CHICAGO—Immune mediated inflammatory myopathies represent a heterogenous group of diseases with variable degrees of multisystem involvement, including the skin, joints, lungs, and muscles. The ACR Convergence 2025 session, Management of Challenging Cases in Myositis, featured a case-based approach to highlight this complexity, guiding attendees through the nuances of diagnosis and management of antisynthetase syndrome, immune mediated necrotizing myopathy and dermatomyositis.
Decoding Antisynthetase Syndrome
The session opened with a presentation by Rohit Aggarwal, MD, professor of medicine at University of Pittsburg and co-director of the UPMC Myositis Center. Using two disparate cases, he illustrated the wide spectrum of clinical features in antisynthetase syndrome. The first patient was a 60-year-old woman with subacute onset of interstitial lung disease (ILD) and Raynaud’s, but notably had no rash, arthritis or muscle weakness, a negative anti-nuclear antibody (ANA) and only a modest elevation in muscle enzymes. The patient was found to have a cytoplasmic ANA, positive anti-Ro52 and anti-PL-7 antibodies. Dr. Aggarwal stressed the importance of identifying patients with ILD and minimal cutaneous or muscle disease, given that they too warrant immunosuppression and close monitoring.
He contrasted this case with that of a patient with classic proximal muscle and neck flexor weakness with marked elevation in CK, a seronegative rheumatoid arthritis-like pattern of synovitis, and mechanic’s hands.

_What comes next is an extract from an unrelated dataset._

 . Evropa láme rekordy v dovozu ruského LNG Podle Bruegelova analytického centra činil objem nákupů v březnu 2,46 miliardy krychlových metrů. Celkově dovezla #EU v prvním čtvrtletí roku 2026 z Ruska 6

However the patient had no lung disease, rash, Raynaud’s or fever. Muscle biopsy demonstrated perivascular inflammation and antibody testing yielded positive ANA and anti-Jo-1 antibodies. He concluded the case by emphasizing that not every antisynthetase patient will have the classic triad of ILD, myositis and arthritis, and urged clinicians to consider antisynthetase syndrome when presented with seronegative rheumatoid arthritis.

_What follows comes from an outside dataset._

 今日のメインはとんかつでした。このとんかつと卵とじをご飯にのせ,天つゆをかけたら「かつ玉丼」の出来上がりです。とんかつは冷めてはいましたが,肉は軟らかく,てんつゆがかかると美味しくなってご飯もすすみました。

Anti-Jo-1 is the most common antibody subtype in antisynthetase syndrome, seen in approximately 60% of cases. Other antisynthetase antibodies (e.g., PL-7, PL-12, OJ, EJ, KS) collectively account for the remaining 30–40% of cases, so it is important to test for these antibodies. Early identification and treatment may prevent development of more severe manifestations, such as ILD, which is the main contributor to mortality.1 Dr. Aggarwal also advocated for routine cardiac monitoring with echocardiograms in antisynthetase syndrome, analogous to standard practice in systemic sclerosis, given that pulmonary hypertension was a cause of mortality in 11% of patients in their cohort.
Presently there are no published classification criteria for antisynthetase syndrome, but Aggarwal and colleagues proposed a new set of criteria being reviewed by the ACR and EULAR. These criteria include points in both clinical and serologic domains, with ranges of scores representing probable and definitive antisynthetase syndrome. The criteria have been tested in multiple cohorts and have a high sensitivity and specificity. To demonstrate this point, both of the cases he presented, although phenotypically distinct, would meet the criteria for definitive antisynthetase syndrome.